What started as a photo inventory of East Carbon City's infrastructure quickly turned into an issue Tuesday night as the EC City Council convened for the first time in October. After photographing in-town structures, council member and city treasurer Cheryl McFarland made her way to the city's treatment plant.What she found only increased water tensions between the municipality and Sunnyside Co-Generation.
"I'm not sure what that reservoir looked like to begin with, but it couldn't have looked like this," said McFarland holding up a photo of the leased pond. "The reservoir is very overgrown."
The reservoir McFarland is referring to is a small body of water located near the co-generation plant just above Highway 123 in East Carbon. It is used by the co-generation plant for internal operation and has been leased to them for that purpose since their inception.
She said Plant Manager Rick Carter met her at the facility when she went for a visit.
"He was very hospitable and said that the company had an open door policy.
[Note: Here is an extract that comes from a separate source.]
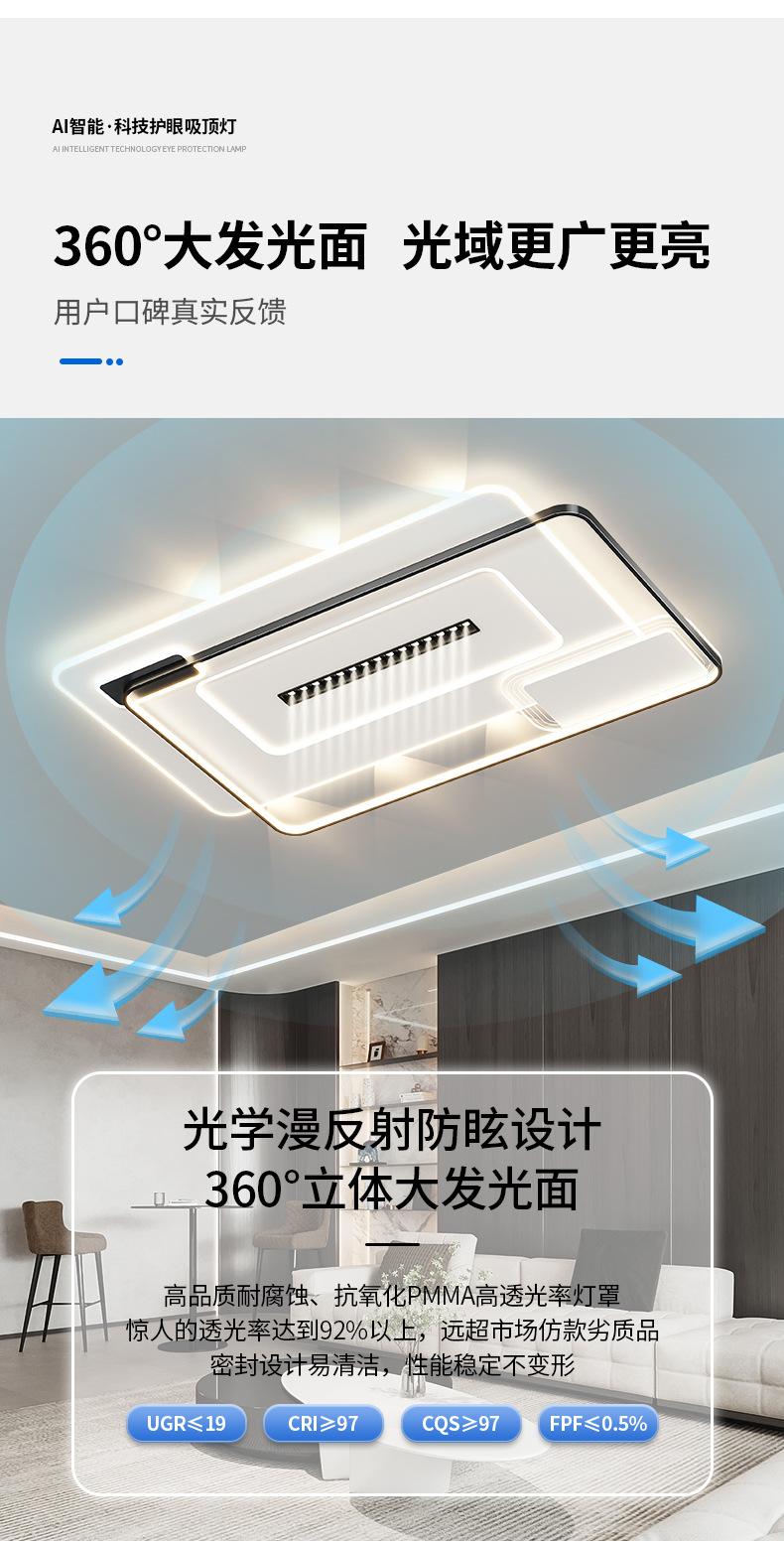 Lâmpada de teto inteligente para toda a casa Nova lâmpada de sala de estar de espectro completo Lâmpada principal de salão moderna simples para proteção ocular Lâmpada de teto de quarto

I asked about the ash and what is in it. Now I had researched what is in slurry piles so I knew what was going on."
According to McFarland, Carter stipulated that the only thing coming out of the stacks when the plant is burning, happens to be a little bit of lime. When asked about other chemicals being burned, he said at times they will use diesel fuel to ignite the coal but no other chemicals were burned. McFarland reportedly pressed Carter about slurry and the byproduct of arsenic. He told her that the amount of arsenic produced by the plant was negligible, that wood burning in a furnace would give off just a much of the chemical.
"I asked if he had sample and test reports that corroborated his statements," concluded McFarland. "He simply said he did not."
"So he told you that he has never burned anything else there besides the coal pile, lime stone and a little diesel fuel? asked East Carbon Mayor Orlando LaFontaine. "So he's never taken in chemicals besides that. That's weird because last year I got a letter in the mail which alerted me that they were going to burn other chemicals."
The mayor's concerns with the co-generation plant extend beyond what chemicals are being burned.
"That reservoir is something we release to them," said LaFontaine. "That's our property and it's a 20 million gallon reservoir that kept in the conditions they are keeping it in will not survive. There has been no maintenance going on, you can see that from the photos. The weeds and concrete both need to be taken care of. When we get it back will it have to be rebuilt by the city? I am concerned about this."
Following the Mayor's comments, the council inquired concerning the lease agreement. A question which was quickly answered by EC Attorney Jeremy Humes.
"There is specific information in the lease concerning upkeep," he said. "They do have to maintain it." Humes continued to state that he would review the document for specifics and update the council.
LaFontaine and other members of the council have objected to Sunnyside City and the co-generation plant's water agreement before this issue ever came to light. EC officials take issue with the fact that Sunnyside sells treated water to the plant. The water is treated at East Carbon's treatment plant. Coming to that point on Tuesday, the East Carbon mayor asked why Sunnyside Co-Gen isn't paying for 10 percent of the upkeep on Grassy Trail Reservoir as they own 10 percent of the water.